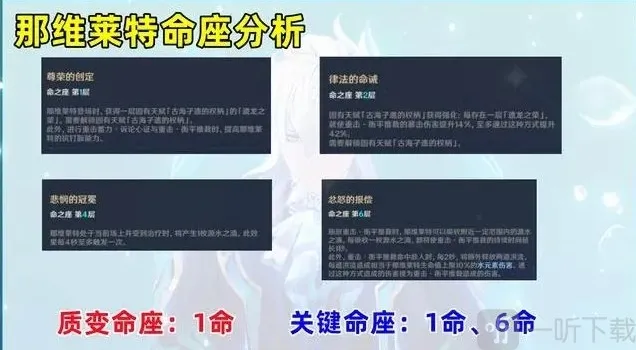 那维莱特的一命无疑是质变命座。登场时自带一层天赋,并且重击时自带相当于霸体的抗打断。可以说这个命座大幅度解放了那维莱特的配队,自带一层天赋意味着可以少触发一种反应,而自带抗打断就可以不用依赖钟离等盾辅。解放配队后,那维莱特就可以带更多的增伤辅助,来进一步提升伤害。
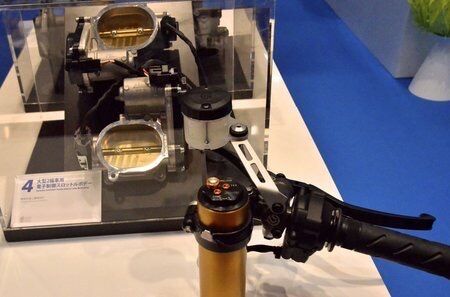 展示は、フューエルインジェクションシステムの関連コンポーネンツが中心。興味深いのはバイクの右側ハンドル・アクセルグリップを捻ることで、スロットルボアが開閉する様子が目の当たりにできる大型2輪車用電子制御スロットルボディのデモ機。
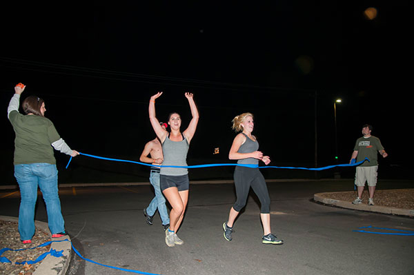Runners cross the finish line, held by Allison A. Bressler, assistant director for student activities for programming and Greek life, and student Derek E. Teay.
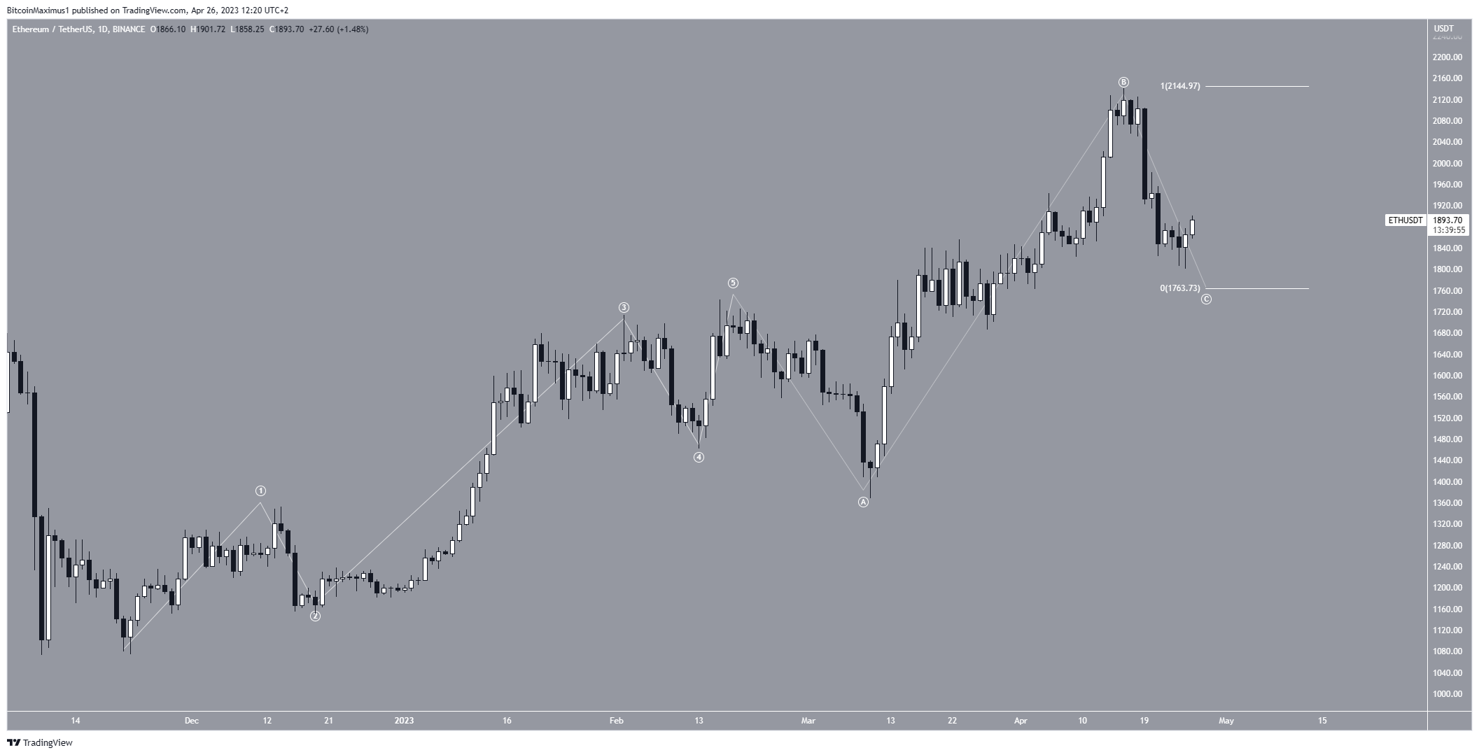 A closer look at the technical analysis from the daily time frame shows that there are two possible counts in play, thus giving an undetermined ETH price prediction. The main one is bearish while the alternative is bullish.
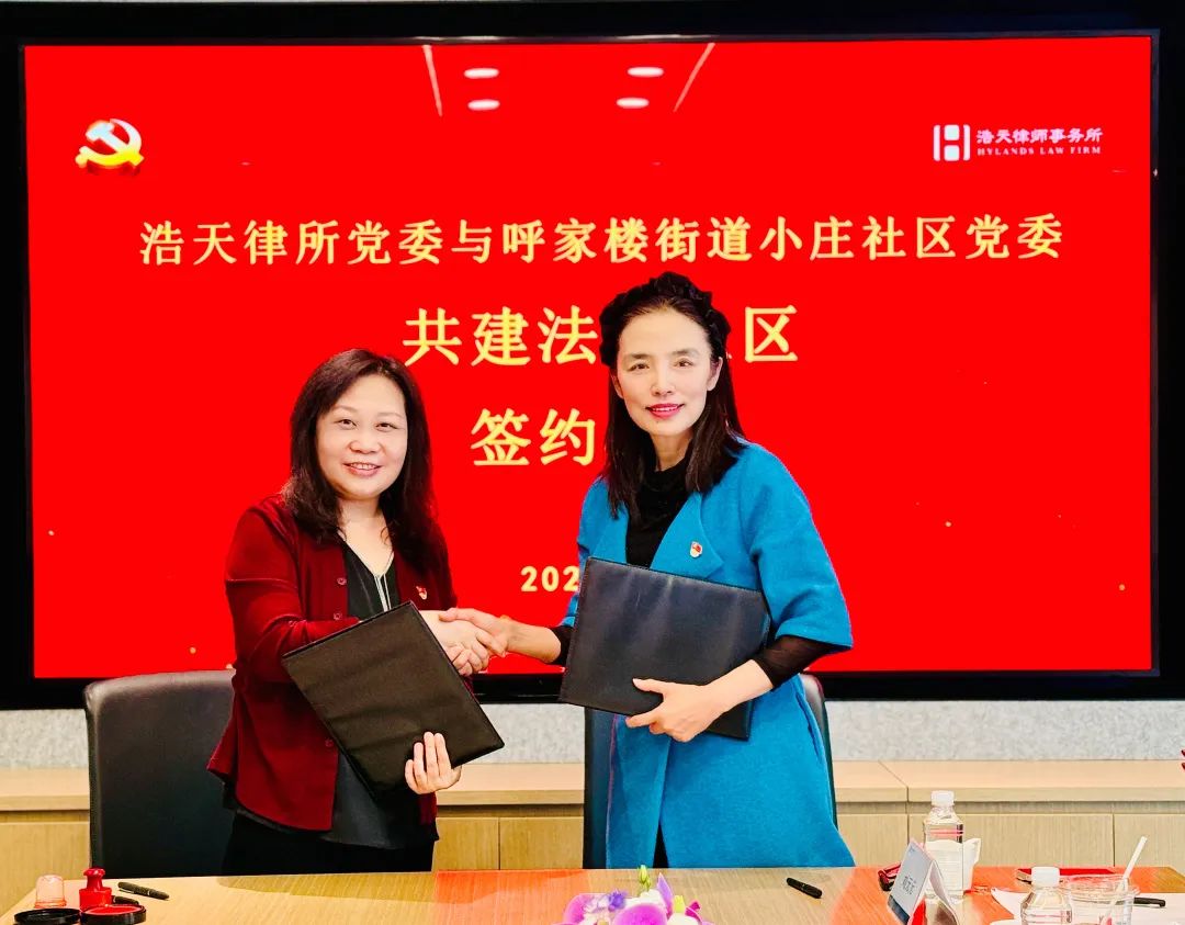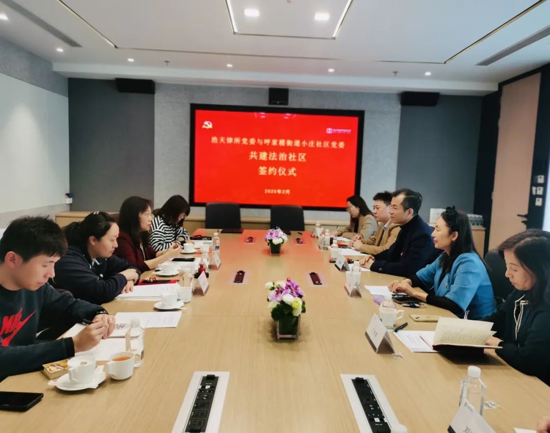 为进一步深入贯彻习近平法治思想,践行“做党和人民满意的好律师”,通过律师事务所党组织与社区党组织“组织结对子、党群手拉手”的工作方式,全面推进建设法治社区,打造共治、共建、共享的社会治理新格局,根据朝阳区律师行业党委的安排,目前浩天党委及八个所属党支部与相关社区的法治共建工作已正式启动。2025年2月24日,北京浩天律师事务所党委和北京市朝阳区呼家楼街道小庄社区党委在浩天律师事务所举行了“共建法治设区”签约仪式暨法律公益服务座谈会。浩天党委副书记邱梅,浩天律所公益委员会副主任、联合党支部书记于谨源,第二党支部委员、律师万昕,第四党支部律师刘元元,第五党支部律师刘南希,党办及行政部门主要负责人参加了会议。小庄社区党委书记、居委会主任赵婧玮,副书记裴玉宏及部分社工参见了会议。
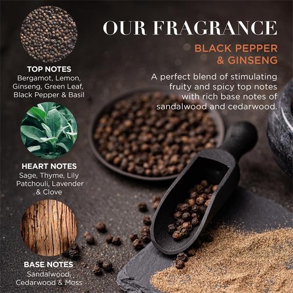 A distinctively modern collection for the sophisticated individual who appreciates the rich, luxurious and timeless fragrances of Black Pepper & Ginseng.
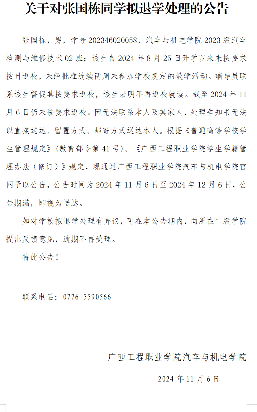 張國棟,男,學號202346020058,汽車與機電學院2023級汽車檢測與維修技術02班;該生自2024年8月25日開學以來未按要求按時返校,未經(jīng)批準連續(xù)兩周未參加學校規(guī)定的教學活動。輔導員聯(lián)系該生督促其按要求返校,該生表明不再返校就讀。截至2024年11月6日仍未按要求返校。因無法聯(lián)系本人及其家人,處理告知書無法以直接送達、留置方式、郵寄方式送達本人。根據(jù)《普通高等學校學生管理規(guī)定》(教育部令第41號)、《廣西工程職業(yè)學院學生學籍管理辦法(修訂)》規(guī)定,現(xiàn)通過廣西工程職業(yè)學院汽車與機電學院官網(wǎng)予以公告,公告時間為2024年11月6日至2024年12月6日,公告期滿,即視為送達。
□ □ □ □ □
## EXERCISE INSTRUCTIONS
A faithful copy of all the records is required, with the pictures left out.

## YOUR RESPONSE
 那维莱特的一命无疑是质变命座。登场时自带一层天赋,并且重击时自带相当于霸体的抗打断。可以说这个命座大幅度解放了那维莱特的配队,自带一层天赋意味着可以少触发一种反应,而自带抗打断就可以不用依赖钟离等盾辅。解放配队后,那维莱特就可以带更多的增伤辅助,来进一步提升伤害。
 展示は、フューエルインジェクションシステムの関連コンポーネンツが中心。興味深いのはバイクの右側ハンドル・アクセルグリップを捻ることで、スロットルボアが開閉する様子が目の当たりにできる大型2輪車用電子制御スロットルボディのデモ機。
Runners cross the finish line, held by Allison A. Bressler, assistant director for student activities for programming and Greek life, and student Derek E. Teay.
 A closer look at the technical analysis from the daily time frame shows that there are two possible counts in play, thus giving an undetermined ETH price prediction. The main one is bearish while the alternative is bullish.
 为进一步深入贯彻习近平法治思想,践行“做党和人民满意的好律师”,通过律师事务所党组织与社区党组织“组织结对子、党群手拉手”的工作方式,全面推进建设法治社区,打造共治、共建、共享的社会治理新格局,根据朝阳区律师行业党委的安排,目前浩天党委及八个所属党支部与相关社区的法治共建工作已正式启动。2025年2月24日,北京浩天律师事务所党委和北京市朝阳区呼家楼街道小庄社区党委在浩天律师事务所举行了“共建法治设区”签约仪式暨法律公益服务座谈会。浩天党委副书记邱梅,浩天律所公益委员会副主任、联合党支部书记于谨源,第二党支部委员、律师万昕,第四党支部律师刘元元,第五党支部律师刘南希,党办及行政部门主要负责人参加了会议。小庄社区党委书记、居委会主任赵婧玮,副书记裴玉宏及部分社工参见了会议。
 A distinctively modern collection for the sophisticated individual who appreciates the rich, luxurious and timeless fragrances of Black Pepper & Ginseng.
 張國棟,男,學號202346020058,汽車與機電學院2023級汽車檢測與維修技術02班;該生自2024年8月25日開學以來未按要求按時返校,未經(jīng)批準連續(xù)兩周未參加學校規(guī)定的教學活動。輔導員聯(lián)系該生督促其按要求返校,該生表明不再返校就讀。截至2024年11月6日仍未按要求返校。因無法聯(lián)系本人及其家人,處理告知書無法以直接送達、留置方式、郵寄方式送達本人。根據(jù)《普通高等學校學生管理規(guī)定》(教育部令第41號)、《廣西工程職業(yè)學院學生學籍管理辦法(修訂)》規(guī)定,現(xiàn)通過廣西工程職業(yè)學院汽車與機電學院官網(wǎng)予以公告,公告時間為2024年11月6日至2024年12月6日,公告期滿,即視為送達。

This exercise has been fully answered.